Greg Robinson, Professor of History at l’Université du Québec À Montréal.

 

 

On February 19, 1942, President Franklin D Roosevelt singed Executive Order 9066. As a result of the President’s order, over 110,000 Japanese Americans were ordered from their homes without trial and sent to camps under military guard. Some 70,000 of these people were U.S. citizens of an average age of approximately 18, and the rest were long-resident aliens who were predominantly middle-aged. They were allowed to take only what they could carry, and were thus forced to sell or dispose of homes, businesses, cars and all other personal property. The Japanese Americans were first herded into a network of “Assembly Centers,” which were generally disused fairgrounds and race tracks. There the inmates were housed in stables and animal pens. After several weeks or months, the Japanese Americans were sent on under guard to a network of “relocation centers,” camps operated by a new government agency, the War Relocation Authority. These American-style concentration camps were located in remote desert and swamp areas and were surrounded by barbed wire and armed sentries. The inmates were housed in hastily-built tar paper shacks, with one room per family. Health and sanitary facilities were primitive, especially at the outset, and food was limited and poor quality. Although all adults were expected to work, their maximum salary was set at $19 per month. The stark conditions of the camps and the stigma of arbitrary imprisonment led to trauma and conflict among the inmates, and sparked several strikes and riots in the camps. In the end, most Japanese Americans remained in the camps throughout the war years.
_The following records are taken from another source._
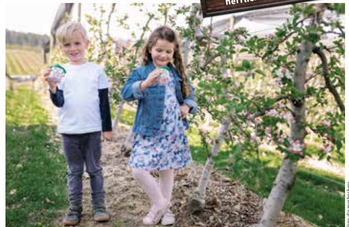
Auch für Kinder ist der Ausflug ins Blütenparadies ein tolles Erlebnis.
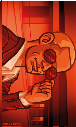
Jeu de démo
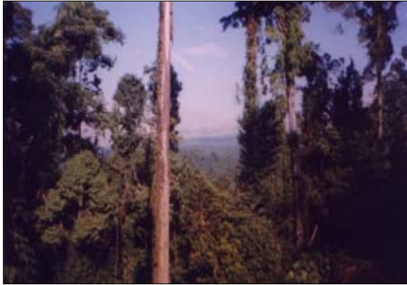
doc. FWI Simpul Sulawesi
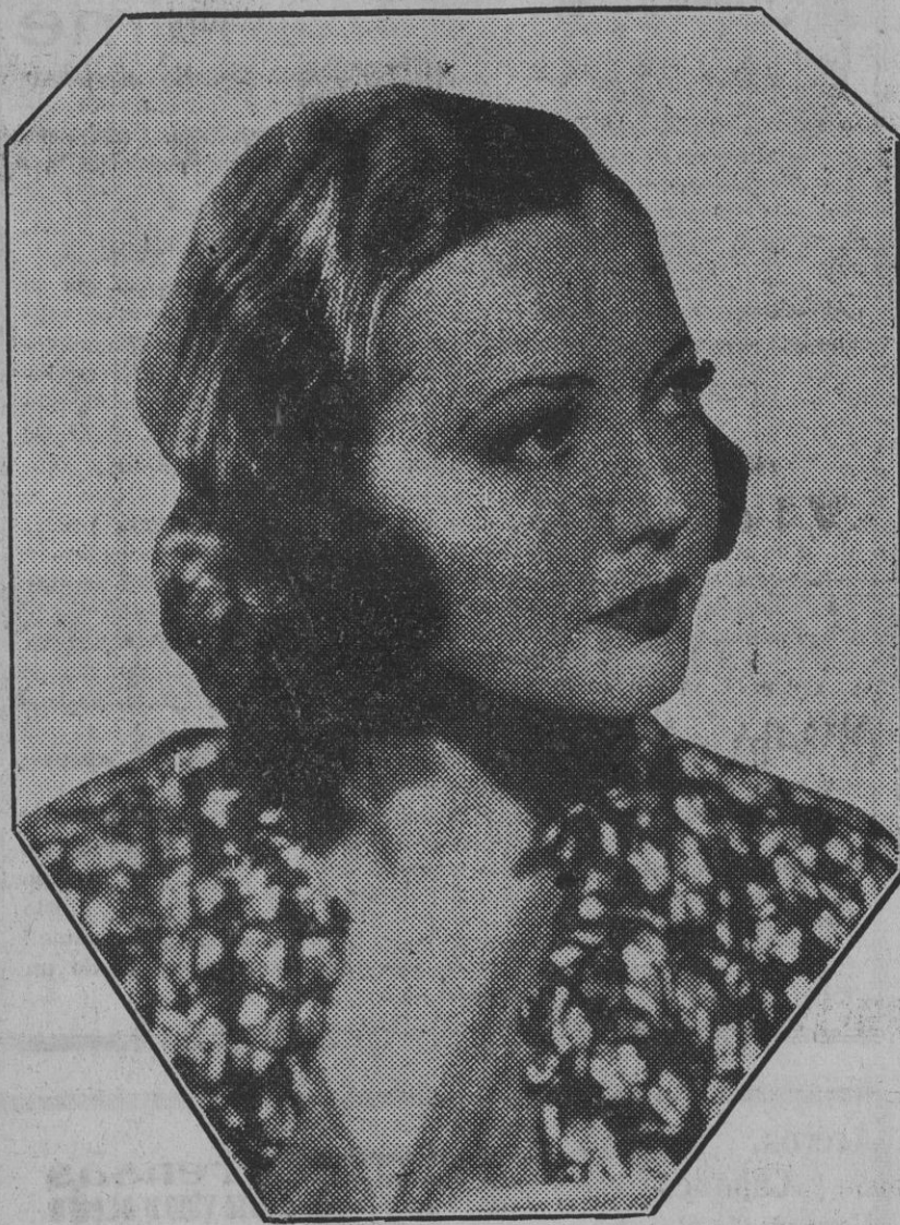
Sylvia Sidney, la gran actriz yanki del cinema-- que era una de las incalificables de Hollywood -- ha contraído matrimonio con el periodista Bennett Cerf.

AÑO XIII.-NUM. 3.908.-APARTADO 29.- TELEFONO 1797
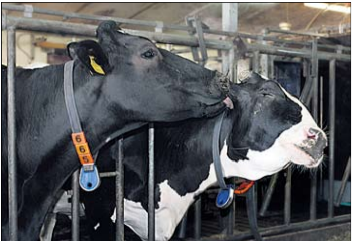
Toisen lehmän nuoleminen vahvistaa eläinten välistä sidettä.

Lehmät lähettävät jatkuvasti ympärilleen signaaleja. Näitä signaaleja havainnoimalla ja oikein tulkitsemalla eläinten hoitaja saa monenlaista tärkeää tietoa esimerkiksi niiden hyvinvoinnista. Tällä tavoin tila voi saada aikaan merkittäviä säästöjä.
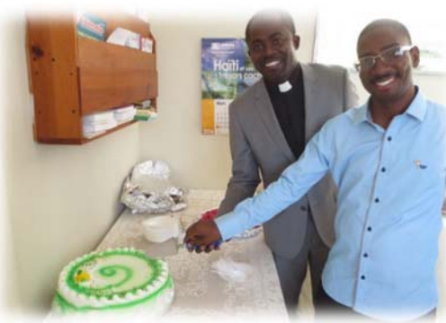
C'est l'heure de couper le gâteau.
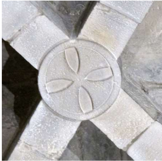
Iglesia de Santiago de Sangüesa. Detalle
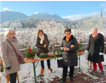
Die Adventsbasare der Frauenkreise Hermagor und Watschig waren wieder sehr erfolgreich!
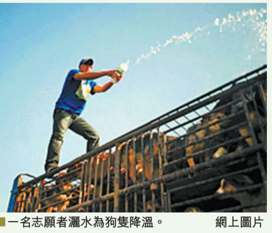
一名志願者灑水為狗隻降溫。
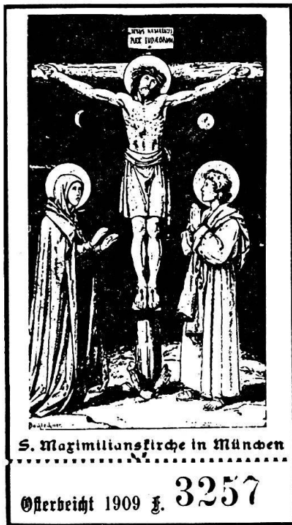
München, 1909, Slg. Thalmann, Nr. 214.
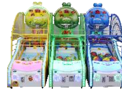
NA-QF501 DuDu basketball 嘟嘟嘟篮球机
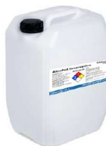
Porrón de Alcohol Isopropilico
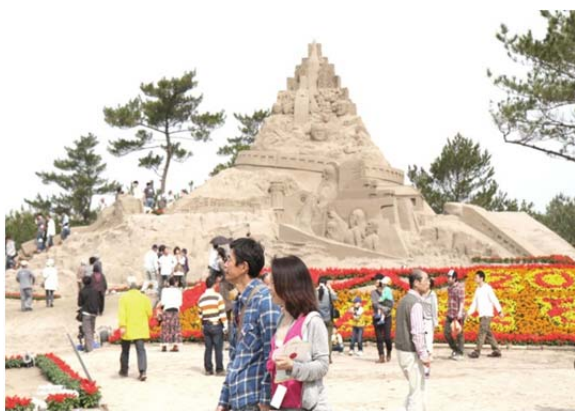
南さつま市最大のイベント「吹上浜砂の祭典」の会場風景 毎年20万人前後の来場者が来られます。
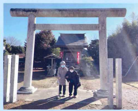
素晴らしい天気でした!
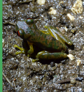
National Reserve Cabo Blanco
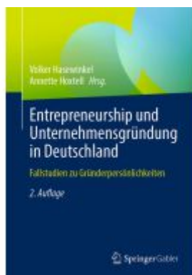
Entrepreneurship und Unternehmensgründung in Deutschland Ladenpreis: 41,11EUR
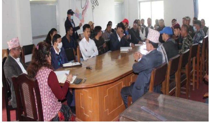
जिल्ला विपद् व्यवस्थापन समितिको बैठक

कोभिड-१९ को रोकथाम र नियन्त्रण तथा लकडाउनको पूर्णपालना गर्न गराउन अहोरात्र खटिने सुरक्षाकर्मी, स्वास्थ्यकर्मी, सबै स्थानीय तहहरू, जनप्रतिनिधि, उद्योगी, व्यवसायी, जिल्ला स्थिति कार्यालय, नागरिक समाज, सञ्चारकर्मी तथा जिल्लावासी सम्पूर्ण महानुभावहरू प्रति हार्दिक धन्यवाद व्यक्त गर्न चाहान्छौं । आगामी दिनमा यहाँहरूको थप सल्लाह सुझाव र सहयोगको अपेक्षा गर्दछौं ।
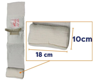
Pansement israélien compressif stérile First Care Blanc
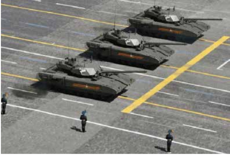
அறிக்கைகள் தெரிவிக்கின்றன. நேட்டோ நாடுகள் டிசின் கணக்கான அதிநவீன போர் டாங்கிகளை உக்ரைனுக்கு

ரி-14 முதன்முதலில் 2015 இல் வெளியிடப்பட்டது. கிரெம்லின் 2020 க்குள் 2,300 டாங்கிகளை உற்பத்தி செய்ய உத்தரவிட்டது. ஆனால் இது பின்னர் 2025 வரை நீட்டிக்கப்பட்டது என்று ரஷ்ய ஊடக
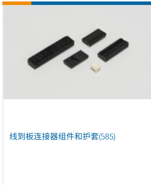
线到板连接器组件和护套(585)
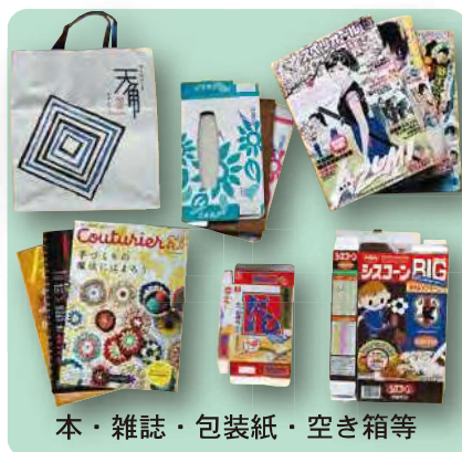
本・雑誌・包装紙・空き箱等
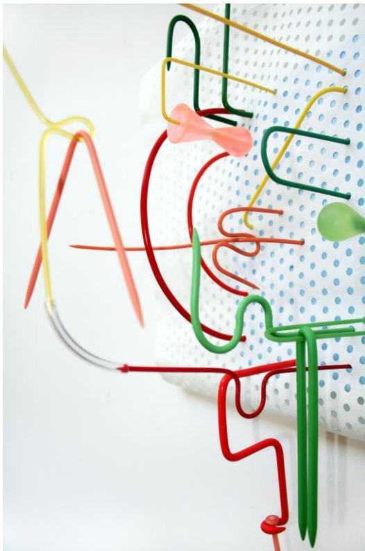
TH 2: Tamara Hauser, Futterwechseleinrichtung - Variationen und Etüden, 2013/14
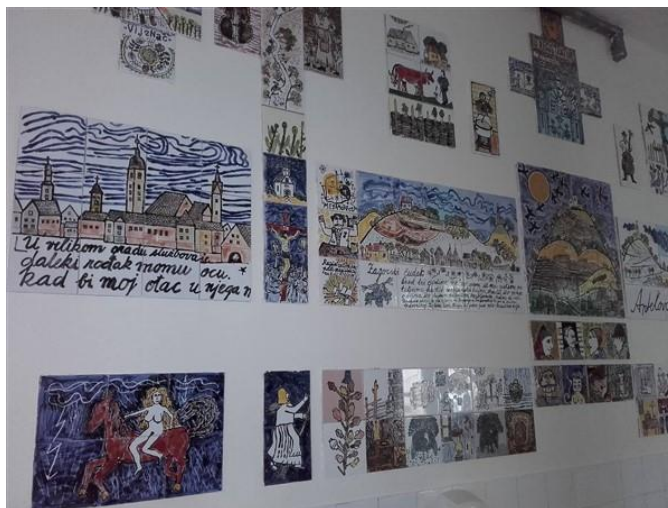
Slika 6: Keramički ostvaraji s motivima iz književnih djela Ante Kovačića

Školski kurikul je plan na čiju realizaciju utječu brojni čimbenici koje u fazi donošenja kurikula ne možemo sve predvidjeti te pri realizaciji ovog kurikula može doći do prilagodbe planiranih aktivnosti ili otkazivanja planiranog.
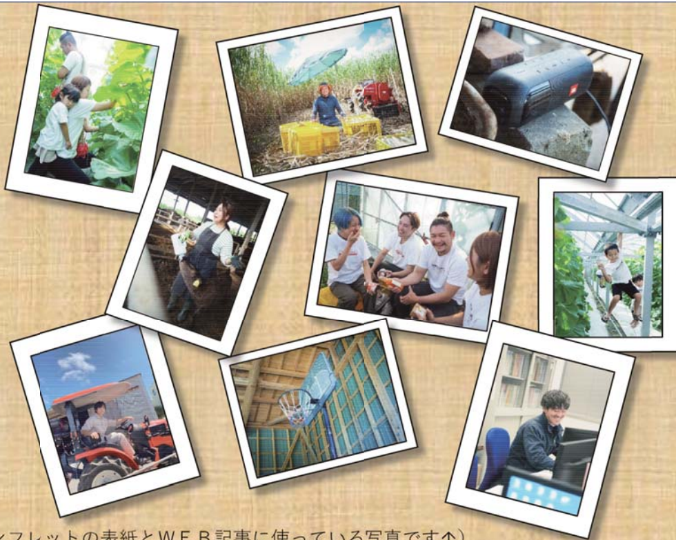
(↑パンフレットの表紙とWEB記事に使っている写真です↑)
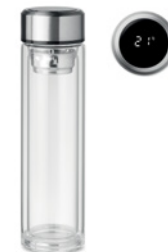
Pole Glass MO6169

Szklany kubek z silikonową pokrywką i uchwytem. Pojemność 350 ml. Kubek posiada pojedynczą ściankę, więc może się nagrzewać.
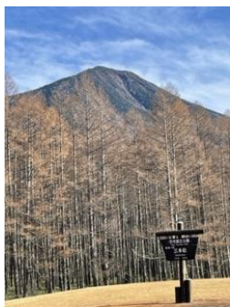
三本松からの男体山
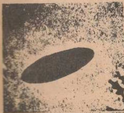
Consternación y pánico causó la aparición de un OVNI en una oscura zona de la ciudad de Bucaramanga.
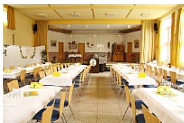
Saal des Martin-Luther-Hauses

Zum zweiten Mal verwandeln die Hobbyschauspieler der „Volksbühne 20“ Oberaden im April das Martin-Luther-Haus in einen Theatersaal. Sie präsentieren dort ihr neues Stück „Hilfe die Griechen kommen“.
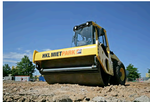
Walze aus dem HKL MIETPARK bei Verdichtungsarbeiten.
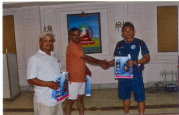
尼泊爾足協致贈紀念品
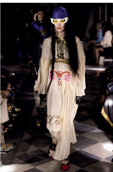
Un diseño de indumentaria: Gucci Resort 2020: el feminismo alto y claro
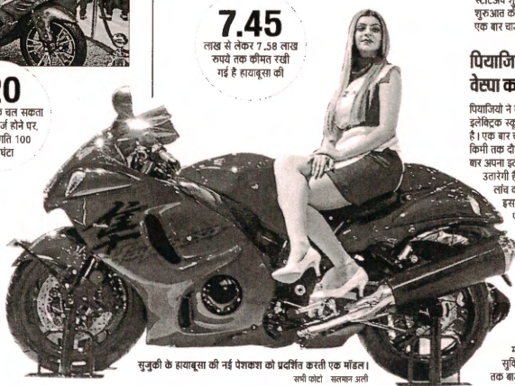
सुजुकी के हायाबूसा की नई पेशाकॉ को प्रदर्शित करती एक महिला। सभी सोटों, स्लॉवर जूती

7.45 लाख से लेकर 7.58 लाख रुपये तक कीमत रखी गई है हायाबूसा की
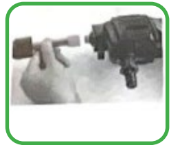
4. Installatie van de verlengde loop
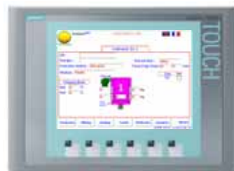
CARBO BELL 600K
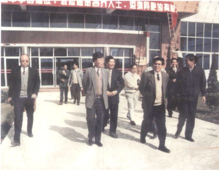
1994年12月22日，广东省副省长卢钟鹤(右三)参观新落成的南庄三中。
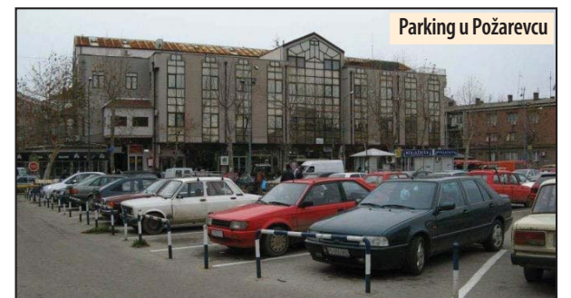
Parking u Požarevcu

Osim na ovoj lokaciji, zatvoreni parkinzi nalaze se još u Sindićevoj ulici, kod zelene pijace „Krug“, kod Osnovnog suda i kod Centra za kulturu. Na njima ima ukupno 300 mesta, plus još 900 na brojnim uličnim parkinzima, što iznosi 1.200. Međutim,
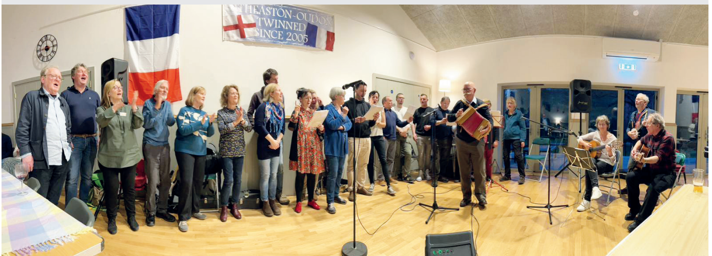
Soirée chant à Batheaston lors de la visite des Oudonnais.
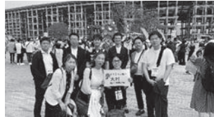
Expo2025大阪関西万博会場にて
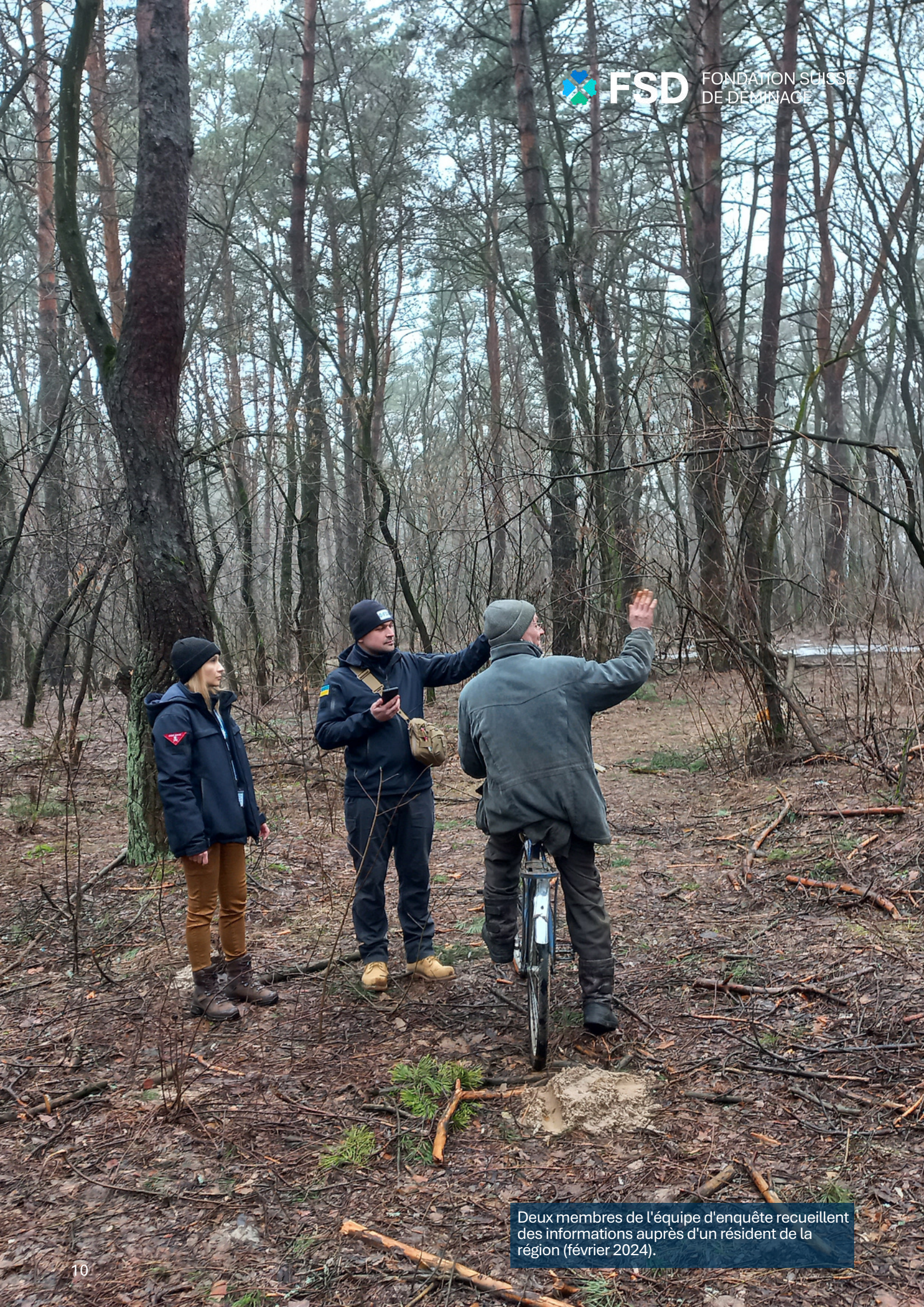
Deux membres de l'équipe d'enquête recueillent des informations auprès d'un résident de la région (février 2024).
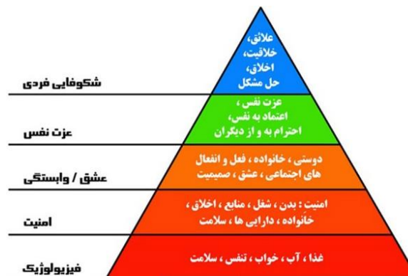
تصویر ۱ سلسه مراتب نیازهای انسان از نظر مازلو
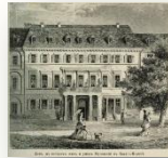
Баден-Баден. Дом, в котором жил в последние годы и умер В.А. Жуковский

Гуманистическим идеалам Жуковский остался верен до конца дней. В его представлениях значительность и подлинная ценность человека состоят в высокой духовности, в благородных чувствах и помыслах. Жуковский с большим пафосом прославляет человека.
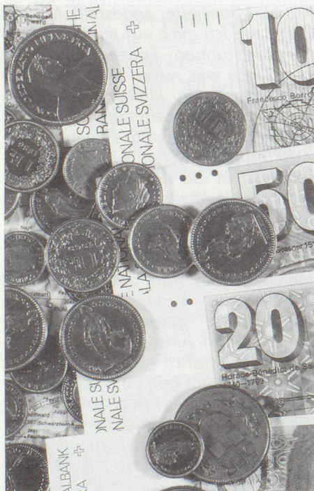
Der Betrag setzte sich aus vielen kleinen und grossen Spenden zusammen.
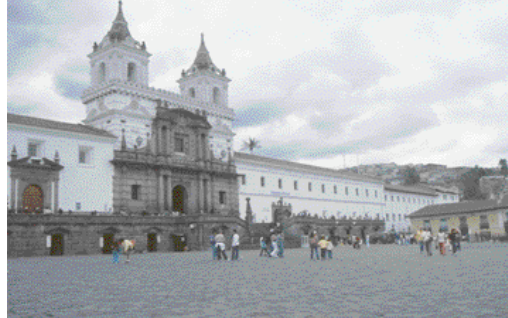
Die historische Altstadt Equadors: Quito Colonial und das Kloster San Francisco

schwimmen können. Spätestens jetzt hatte die Frisur den Kampf gegen die Naturgewalten endgültig verloren.
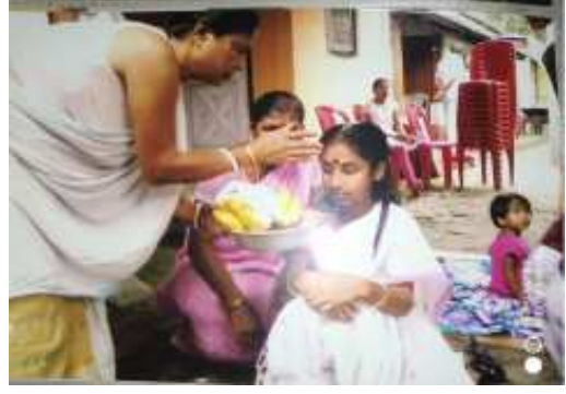
কইনাক কোচত ফল দিয়াৰ সময়ত (কোকৰাঝাৰৰ নাথ সম্প্ৰদায়)
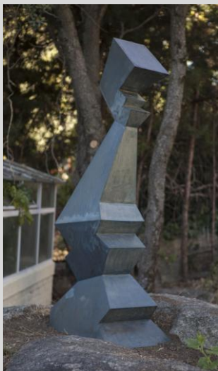
López, Nacho. "Dama de agua", 150x53x35 cm. Año 2009. Acero soldado y patinado.
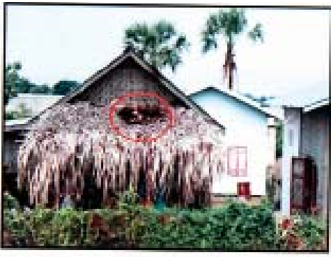
လူစုကုသရန်နှင့် အဆောက်အဦများအား အစွန့်ခွာရောက်အမျိုးမျိုးမှ ဝှံ့ပွဲမျက်ဆီးခြင်း
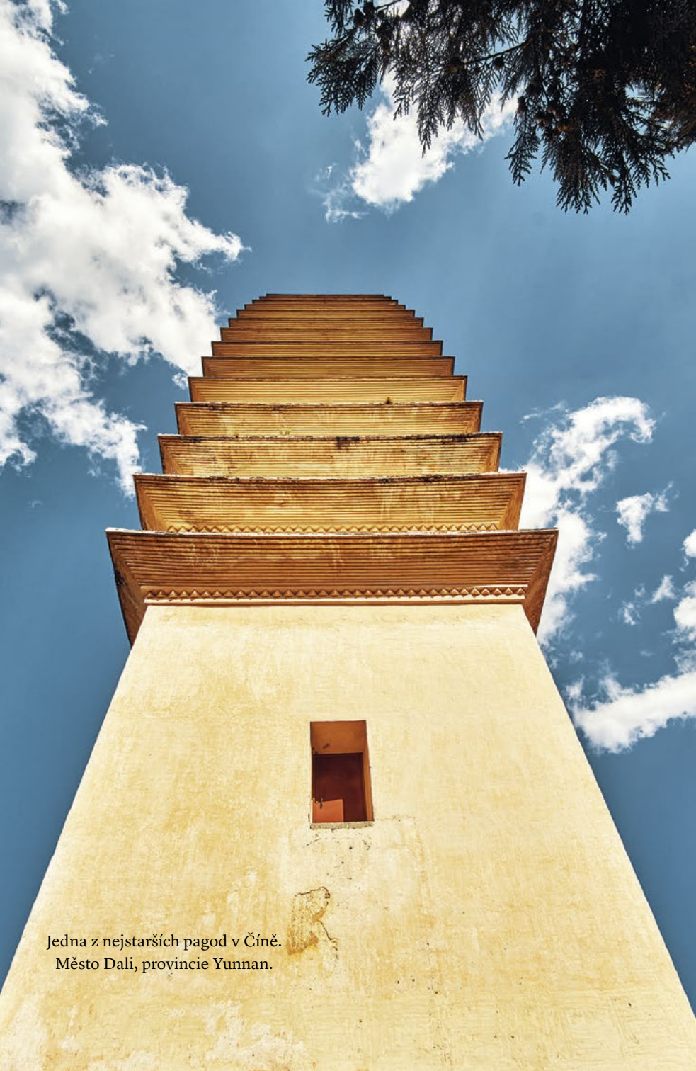
Jedna z nejstarších pagod v Číně. Město Dali, provincie Yunnan.
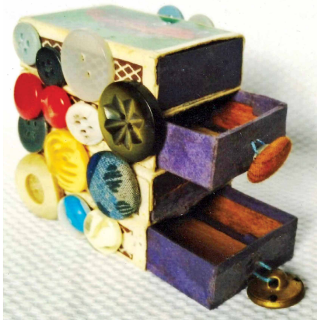
खाली माचिस से अलमारी
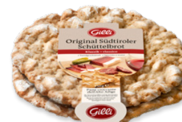
Art. 01077 Segalini lavorati a mano 150g

How could this have happened in a nation fighting a war to preserve freedom against fascism? In particular how could it have happened during the administration of Franklin Roosevelt, a President justly renowned for his humanitarianism and support for democracy? This is the question with which I began my inquiry. Still, it is possible to identify several important factors that shaped the President’s actions. As Milton Eisenhower, who became the first director of the WRA, the civilian government agency that ran the camps, later stated, “The President’s final decision was influenced by a variety of factors, by events over which he had little control, by inaccurate or incomplete information, by bad counsel, by strong political pressures, and by his own training, background and personality.”

In my book By Order of the President (Harvard University Press, 2001), I discuss at length how all these factors influenced the actions of President Roosevelt, first in his decision to approve the mass removal of West Coast Japanese Americans, and subsequently in his actions in support of the policy. Although sporadic, these decisions were essential in determining the duration of the incarceration and the consequences to its victims. What I would like to explore is to look at the role played in the President’s decision by the last of the factors cited by Eisenhower, namely the President’s training, background, and personality. From this point of view, the President’s past attitudes towards Japanese Americans must be considered as a significant factor in his decision to approve Executive Order 9066. Franklin Roosevelt had a long history of viewing Japanese Americans in undifferentiated racial terms as essentially Japanese, and of expressing hostility to them on that basis.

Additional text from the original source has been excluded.